Your objective »
An exact copy, beginning at the line containing "A cosmic spectacle" and ending at the final line of the records that follow, is the answer; it has no pictures and no other text.

Extracted records »
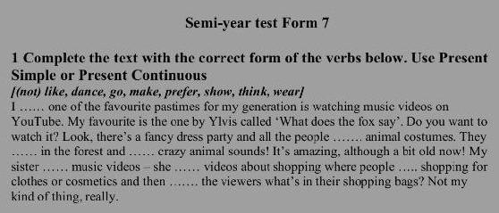 1 Complete the text with the correct form of the verbs below. Use Present Simple or Present Continuous [(not) like, dance, go, make, prefer, show, think, wear] I ...... one of the favourite pastimes for my generation is watching music videos on YouTube. My favourite is the one by Ylvis called 'What does the fox say'. Do you want to watch it? Look, there's a fancy dress party and all the people :....... animal costumes. They in the forest and crazy animal sounds! It's amazing, although a bit old now! My ***** videos about shopping where people shopping for the viewers what's in their shopping bags? Not my www. sister music videos - she clothes or cosmetics and then kind of thing, really. ******** K
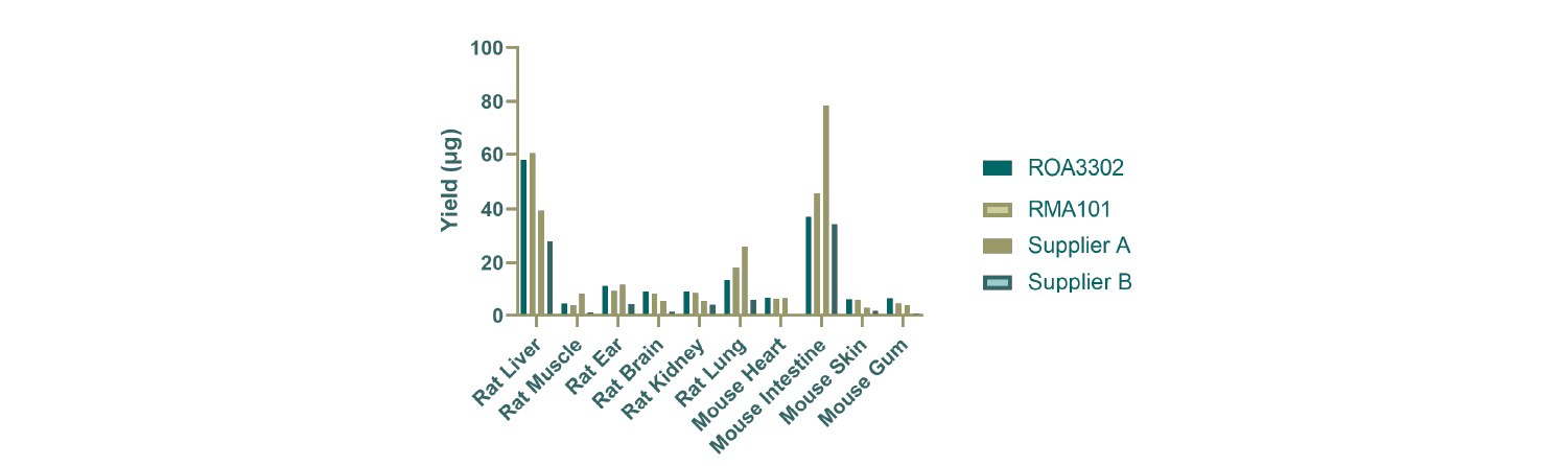 RMA101 consistently delivers superior total RNA yield across a wide range of tissues. Quantified by NanoDrop, our kits outperform competitor kits, providing RNA you can rely on for every downstream application.
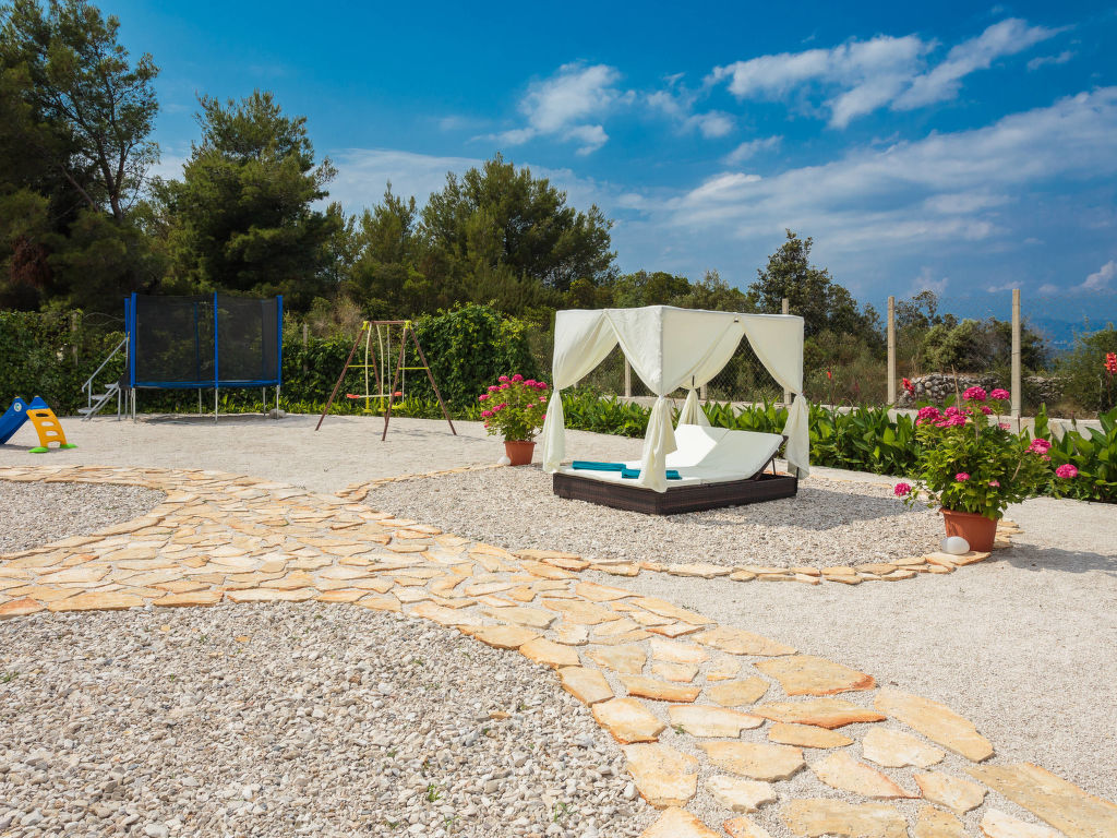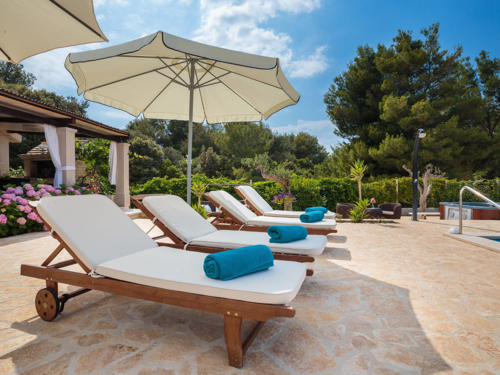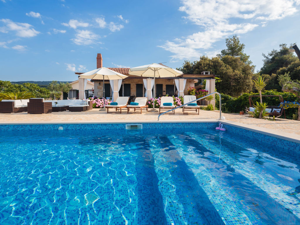 Mirca: Einfamilienhaus "Villa Mutnik". 2.4 km vom Zentrum von Supetar, alleinstehende, ruhige, sonnige Lage, direkt am Meer, direkt am Strand. Zur Alleinbenutzung: Grundstück 1'500 m2 (eingezäunt), Garten mit Pflanzen, Schwimmbad eckig, beheizt (10 x 4 m, 150 cm tief, 01.04.-15.11.) mit Innentreppe. Aussendusche, Sprudelbad, Terrasse (100 m2), Grill (Schaukel, Sandkasten). Im Hause: Internetzugang, Trampolin, Waschmaschine. Zur Verfügung: Fahrräder (7). Zufahrt bis zum Haus (500 m Naturweg). Parkplatz beim Haus auf dem Grundstück. Einkaufsgeschäft 1.2 km, Restaurant 1.6 km, Kieselstrand 20 m. Diese Einheit besteht aus dem kleinen separaten Haus und dem Haupthaus, die beide als eine Einheit vermietet werden.
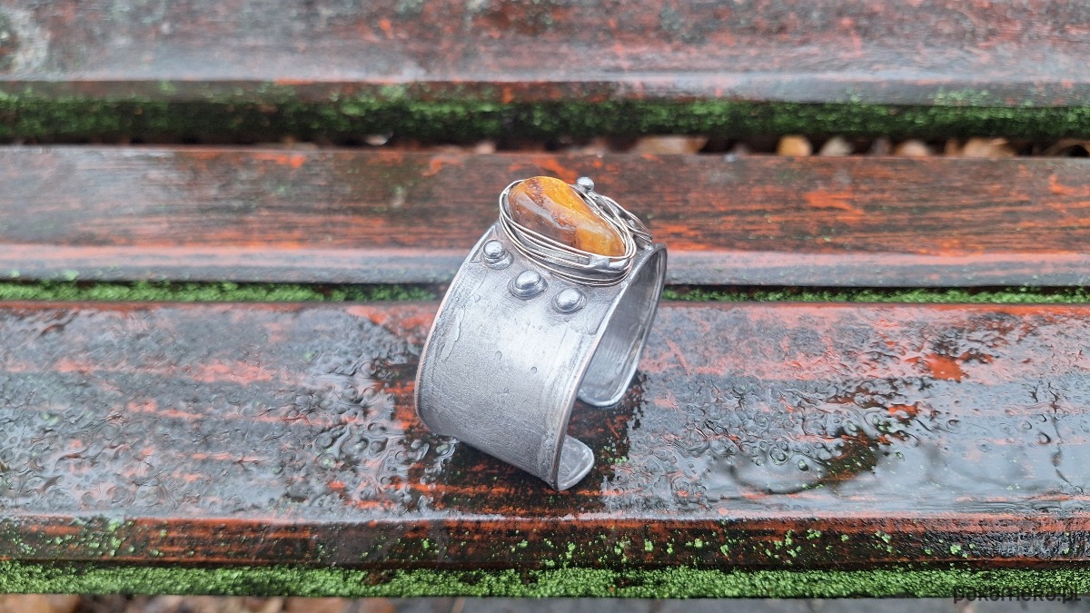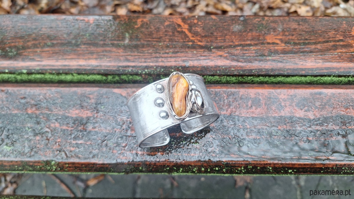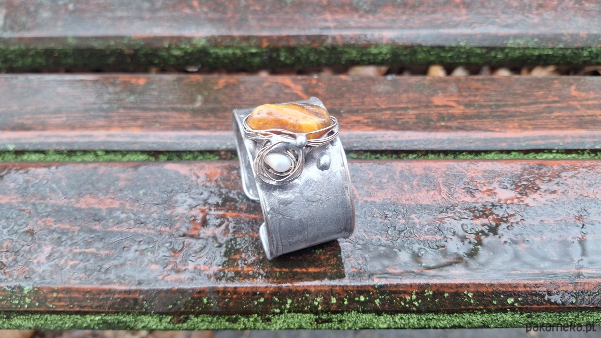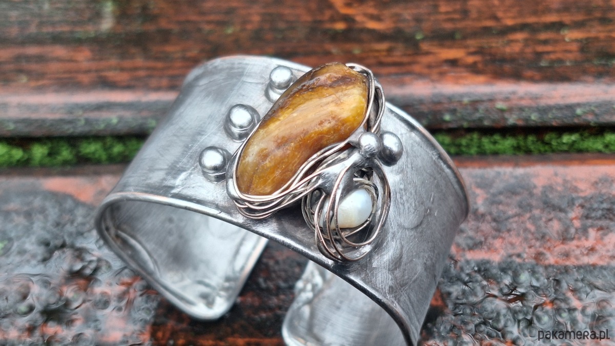 Lekka bransoleta wykonana z miedzi, cyny, perły i bursztynu. Szerokość ok. 3 cm; regulowana.
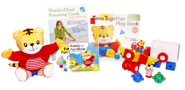 In the Toddlers 1-2 kit, the main theme of colors and shapes are introduced through the educational materials along with WoderMind’s exclusive stickers and Colorshape Blocks, which can be made into dozens of things using your imagination. Also included in the 1-2 kit is a very special tiger puppet named Teegy. Known as Shimajiro in Japan, Teegy is the official mascot of WonderMind and is recognized by children and parents throughout the country. Using the character Teegy for interactive play and pretend activities, parents can make a strong relationship by getting involved with their children, as Teegy himself “grows up” with the child over the course of WonderMind, mirroring the child’s own development and becoming more like a true friend in the process.
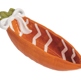 Add a playful yet polished touch to your Easter decor and spring entertaining with this hand-painted Carrot Candy Dish. Crafted from durable stoneware and shaped like a whimsical figural carrot, this charming serving piece features a cheerful mix of white polka dots, orange polka dots, and classic white stripes.
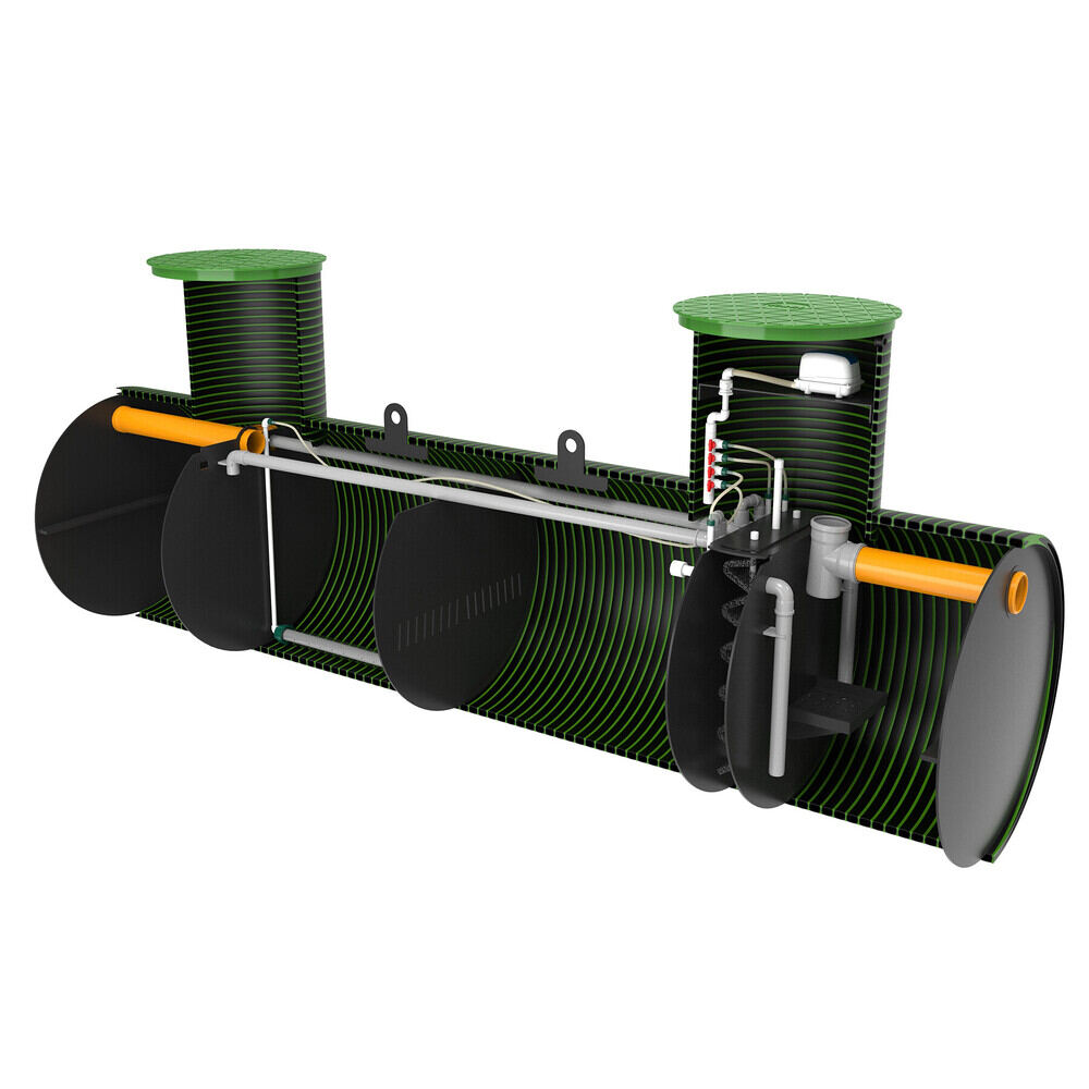 Трех-камерная станция биологической очистки имеет горизонтальное исполнение для простого и незатратного монтажа при высоких УГВ (УГВ - уровень грунтовых вод). За счет горизонтального исполнения станция имеет минимальную монтажную глубину ( всего лишь 1300-1500 мм до дна котлована!) что делает ее лидером среди всех станций биологической очистки на рынке СНГ по удобству и простоте монтажа при высоком уровне грунтовых вод. Не требует якорения! Всплытие исключено!
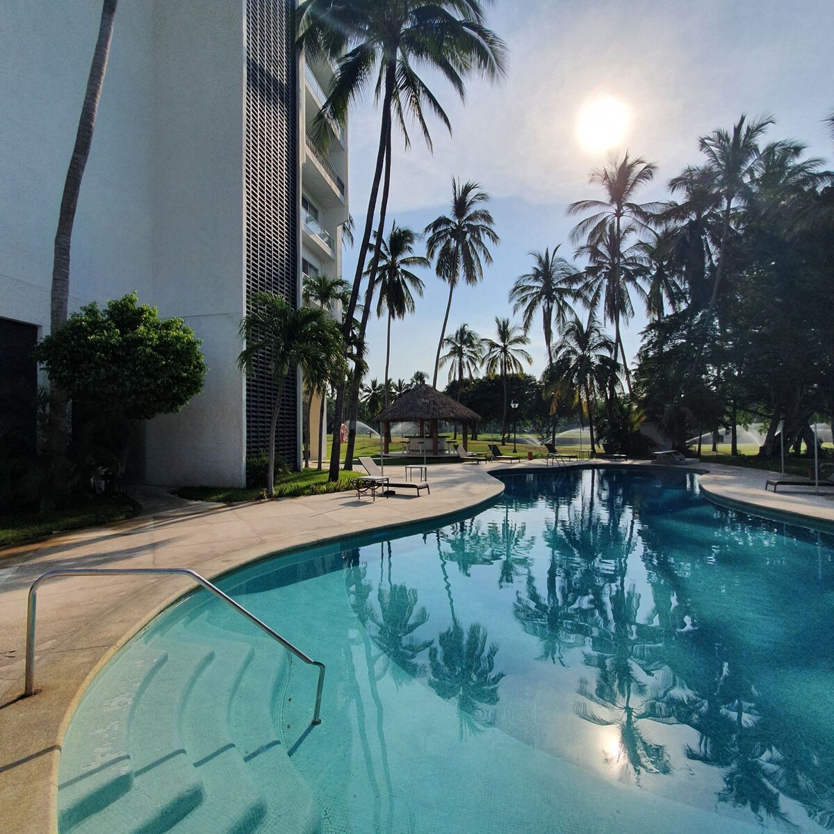 Цей лофт ідеально підходить для романтичної відпочинку або подорожі з найкращим другом! Нещодавно відремонтований лофт у віллах La Palma Diamante, розташований на бульварі Лас-Насьоніс, навпроти гольф-клубу Princess, в 5 хвилинах від пляжу Revolcadero. Тут є дуже великий басейн, ліжко розміру Queen size, маски для обличчя, кондиціонер, 2 халати, парковка, кухонне приладдя та великий балкон з видом на басейн, щоб насолоджуватися сонцем протягом усього дня.
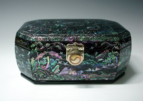 Mother of Pearl Inlaid Landscape Design Lacquered Black Octagonal Luxury Wooden Asian Handcrafted Jewelry Trinket Keepsake Treasure Box Case Chest Organizer Overview
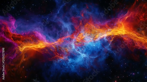 A cosmic spectacle showing a supermassive black hole distorting space-time, with vivid colors representing the immense gravitational forces
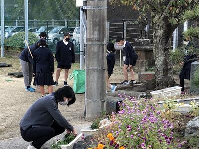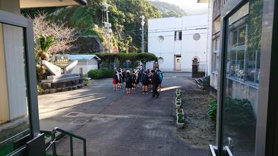 7月23日(水)、御所浦小中合同でボランティア活動を実施しました。中学校の生徒さん方がリードしながら、自分たちの地区で清掃活動に取り組みました。お菓子の袋やペットボトルなどのゴミを拾い、御所浦の環境をさらにきれいにしてくれた子どもたちです。ちなみに、写真の奥に見えるのは八代海です。遠くには九州山地も、うっすらと姿を見せていました。美しい景色と捨てられたゴミの対照が、なんとも印象的でした。
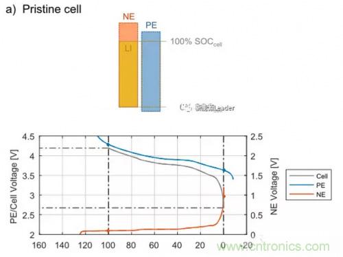 首先Christoph R. Birkl根據(jù)扣式電池極片的面積計(jì)算得到了扣式電池的理論容量,然后通過對(duì)正極極片進(jìn)行充電脫鋰模擬了不同程度的鋰鋰離子損失,通過對(duì)負(fù)極極片進(jìn)行裁切模擬了負(fù)極活性物質(zhì)損失,對(duì)正極極片裁切模擬了正極活性物質(zhì)損失。為了對(duì)試驗(yàn)結(jié)果進(jìn)行分析,Christoph R. Birkl利用柱狀圖建立了一個(gè)物理模型,如上圖所示,其中左側(cè)為負(fù)極的SoC狀態(tài),右側(cè)為正極的SoC狀態(tài),上圖模型為正常電池的模型,從圖上可以看到在正常電池設(shè)計(jì)中,一般會(huì)負(fù)極的容量設(shè)計(jì)的稍微高一些,這一般稱作正負(fù)極冗余,適當(dāng)?shù)娜哂嗫梢员WC鋰離子電池循環(huán)性能,也能在鋰離子電池發(fā)生過充的情況下能夠容納足夠的鋰,確保鋰不析出,保證電池的安全性。
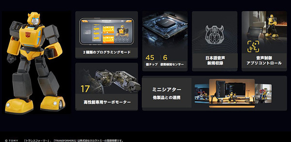 二足歩行に対応し、音声コマンドやアプリで操作するできる。歩行スピードを調整したり、難易度の高いアクションをしたり、倒れても自動的に立ち上がったりも可能。オプティマスプライムと連携しながら、ミニシアターで劇中のシーンを演出する機能も搭載されているという。
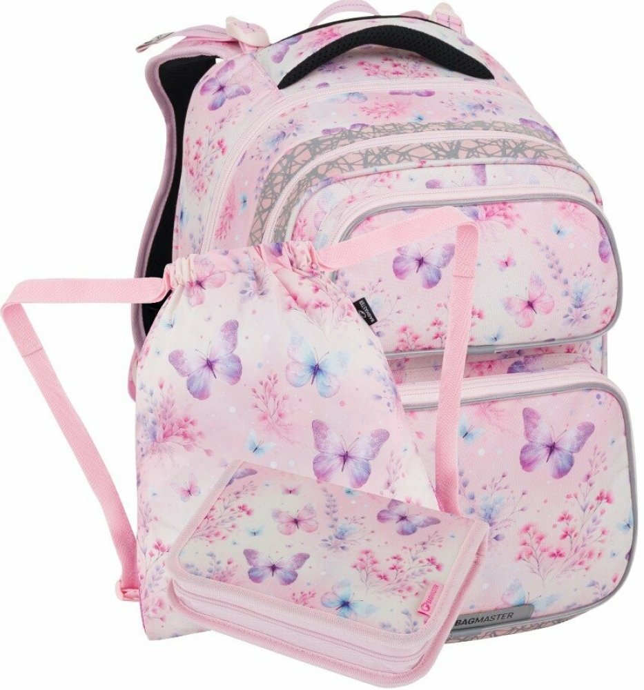 S růžovým dvoukomorovým batohem s třpytivým designem budou všechny malé holky chodit do školy s úsměvem. Díky preciznímu zádovému systému s bederním pásem a váze pod kilogram je vhodný i pro drobnější dítka. Batoh je ideální do první, druhé a třetí třídy. Školačku i rodiče nadchnout bezpečné reflexní prvky, boční kapsy na láhev a další vychytávky.
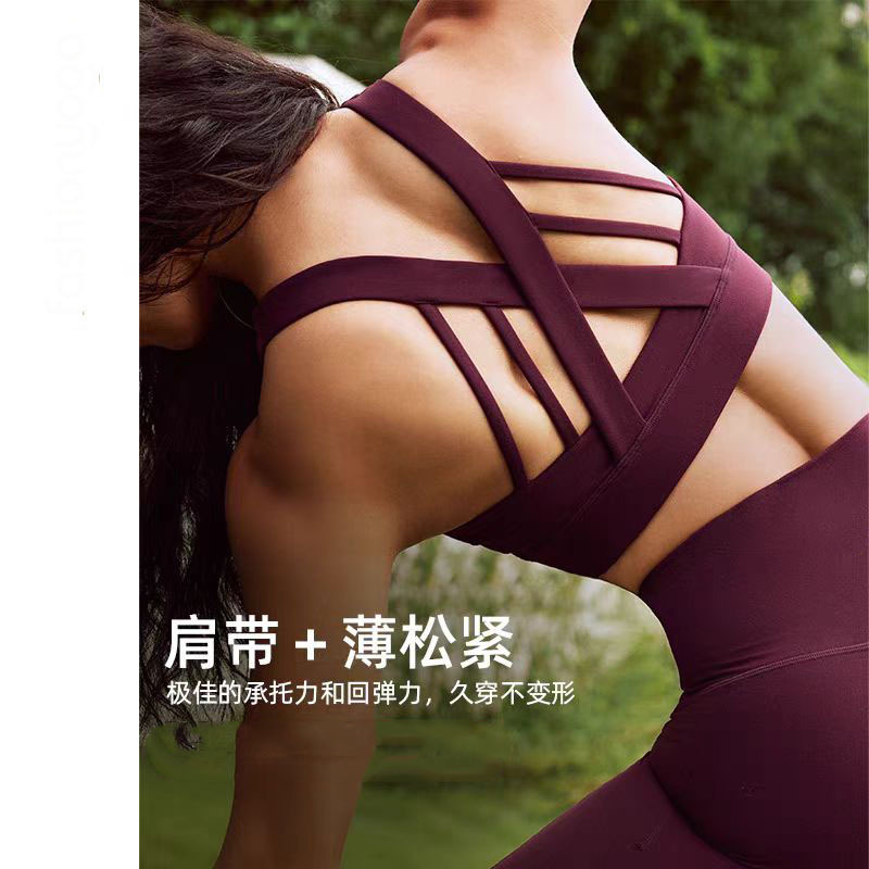 跨境透气舒适运动内衣设计感美背背心带胸垫防震聚拢健身瑜伽服

Task output »
 A cosmic spectacle showing a supermassive black hole distorting space-time, with vivid colors representing the immense gravitational forces
 7月23日(水)、御所浦小中合同でボランティア活動を実施しました。中学校の生徒さん方がリードしながら、自分たちの地区で清掃活動に取り組みました。お菓子の袋やペットボトルなどのゴミを拾い、御所浦の環境をさらにきれいにしてくれた子どもたちです。ちなみに、写真の奥に見えるのは八代海です。遠くには九州山地も、うっすらと姿を見せていました。美しい景色と捨てられたゴミの対照が、なんとも印象的でした。
 首先Christoph R. Birkl根據(jù)扣式電池極片的面積計(jì)算得到了扣式電池的理論容量,然后通過對(duì)正極極片進(jìn)行充電脫鋰模擬了不同程度的鋰鋰離子損失,通過對(duì)負(fù)極極片進(jìn)行裁切模擬了負(fù)極活性物質(zhì)損失,對(duì)正極極片裁切模擬了正極活性物質(zhì)損失。為了對(duì)試驗(yàn)結(jié)果進(jìn)行分析,Christoph R. Birkl利用柱狀圖建立了一個(gè)物理模型,如上圖所示,其中左側(cè)為負(fù)極的SoC狀態(tài),右側(cè)為正極的SoC狀態(tài),上圖模型為正常電池的模型,從圖上可以看到在正常電池設(shè)計(jì)中,一般會(huì)負(fù)極的容量設(shè)計(jì)的稍微高一些,這一般稱作正負(fù)極冗余,適當(dāng)?shù)娜哂嗫梢员WC鋰離子電池循環(huán)性能,也能在鋰離子電池發(fā)生過充的情況下能夠容納足夠的鋰,確保鋰不析出,保證電池的安全性。
 二足歩行に対応し、音声コマンドやアプリで操作するできる。歩行スピードを調整したり、難易度の高いアクションをしたり、倒れても自動的に立ち上がったりも可能。オプティマスプライムと連携しながら、ミニシアターで劇中のシーンを演出する機能も搭載されているという。
 S růžovým dvoukomorovým batohem s třpytivým designem budou všechny malé holky chodit do školy s úsměvem. Díky preciznímu zádovému systému s bederním pásem a váze pod kilogram je vhodný i pro drobnější dítka. Batoh je ideální do první, druhé a třetí třídy. Školačku i rodiče nadchnout bezpečné reflexní prvky, boční kapsy na láhev a další vychytávky.
 跨境透气舒适运动内衣设计感美背背心带胸垫防震聚拢健身瑜伽服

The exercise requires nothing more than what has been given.